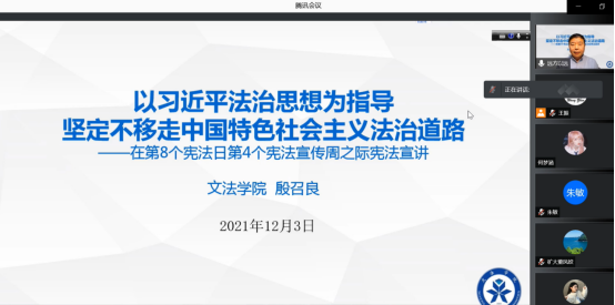 2021年12月4日是第八个国家宪法日,11月29日-12月5日是全国第四个“宪法宣传周”。为认真学习贯彻习近平法治思想,深入贯彻落实党的十九大和十九届二中、三中、四中、五中、六中全会精神,推动全校师生学习宣传宪法,弘扬宪法精神,维护宪法权威,12月3日,文法学院院长殷召良做“以习近平法治思想为指导,坚定不移走中国特色社会主义法治道路”线上宪法主题宣讲,全校共计260余名师生参加。
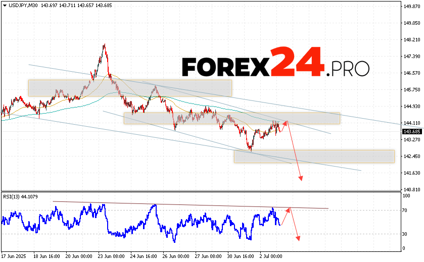 USD/JPY Forecast Japanese Yen for July 3, 2025 suggests an attempt at a bullish correction with a test of the resistance zone near the 144.05 level. Then, the bearish momentum of the quotes will continue to develop in the area below the 141.45 mark. A test of the trend line on the relative strength indicator will support the pair’s decline. A strong rise in quotes and a breakout of the 145.05 area will cancel the decline scenario. This will indicate a breakout of the resistance level and a continuation of the pair’s growth with a potential target above the 147.35 level.
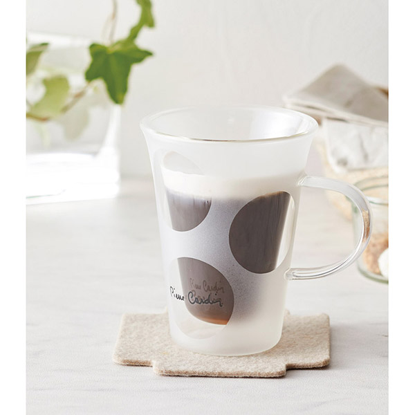 2重構造で保温・保冷効果が抜群です。コーヒーや紅茶、ジュースなど、ご自宅でティータイムを楽しむのにぴったり。外面にはブラストで表現した大きな水玉模様が入っていてキュート!電子レンジも使えて便利なガラスマグカップです。カルダン氏のサイン文字が入っています。
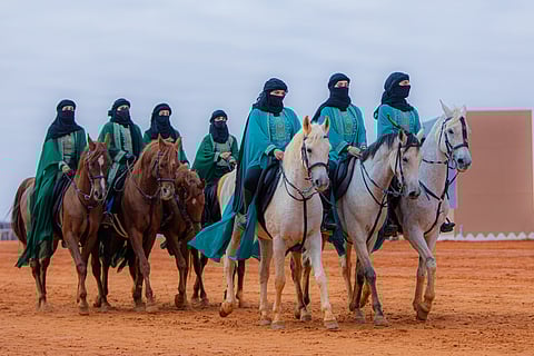 سبَق انطلاقَ شوط الأميرة نورة بنت عبدالرحمن بمهرجان الملك عبدالعزيز للإبل في نسخته السابعة، اليوم السبت، عروض وفعاليات مثّلها سيدات على ظهور الخيل والإبل، استعرضن خلالها بعض الفنون الشعبية.
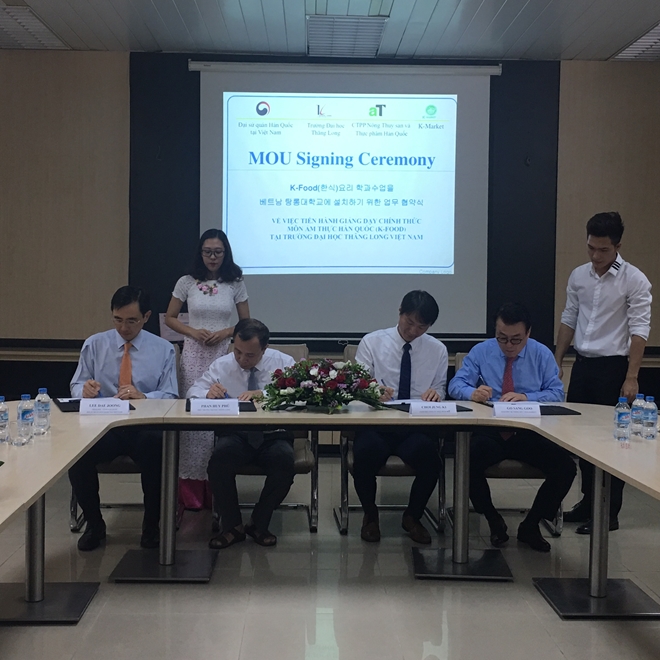 A Memorandum of Understanding (MoU) was signed on June 27 between the Korean Cultural Center, the Thang Long University, the Korea Agro-Fisheries and Food Trade Corp. and the local foodstuff firm K-Market.

= = = = =

• EXERCISE DIRECTIONS: Could you copy all of the entries above exactly, without the pictures?

• REPLY TO THE TASK:
 2021年12月4日是第八个国家宪法日,11月29日-12月5日是全国第四个“宪法宣传周”。为认真学习贯彻习近平法治思想,深入贯彻落实党的十九大和十九届二中、三中、四中、五中、六中全会精神,推动全校师生学习宣传宪法,弘扬宪法精神,维护宪法权威,12月3日,文法学院院长殷召良做“以习近平法治思想为指导,坚定不移走中国特色社会主义法治道路”线上宪法主题宣讲,全校共计260余名师生参加。
 USD/JPY Forecast Japanese Yen for July 3, 2025 suggests an attempt at a bullish correction with a test of the resistance zone near the 144.05 level. Then, the bearish momentum of the quotes will continue to develop in the area below the 141.45 mark. A test of the trend line on the relative strength indicator will support the pair’s decline. A strong rise in quotes and a breakout of the 145.05 area will cancel the decline scenario. This will indicate a breakout of the resistance level and a continuation of the pair’s growth with a potential target above the 147.35 level.
 2重構造で保温・保冷効果が抜群です。コーヒーや紅茶、ジュースなど、ご自宅でティータイムを楽しむのにぴったり。外面にはブラストで表現した大きな水玉模様が入っていてキュート!電子レンジも使えて便利なガラスマグカップです。カルダン氏のサイン文字が入っています。
 سبَق انطلاقَ شوط الأميرة نورة بنت عبدالرحمن بمهرجان الملك عبدالعزيز للإبل في نسخته السابعة، اليوم السبت، عروض وفعاليات مثّلها سيدات على ظهور الخيل والإبل، استعرضن خلالها بعض الفنون الشعبية.
 A Memorandum of Understanding (MoU) was signed on June 27 between the Korean Cultural Center, the Thang Long University, the Korea Agro-Fisheries and Food Trade Corp. and the local foodstuff firm K-Market.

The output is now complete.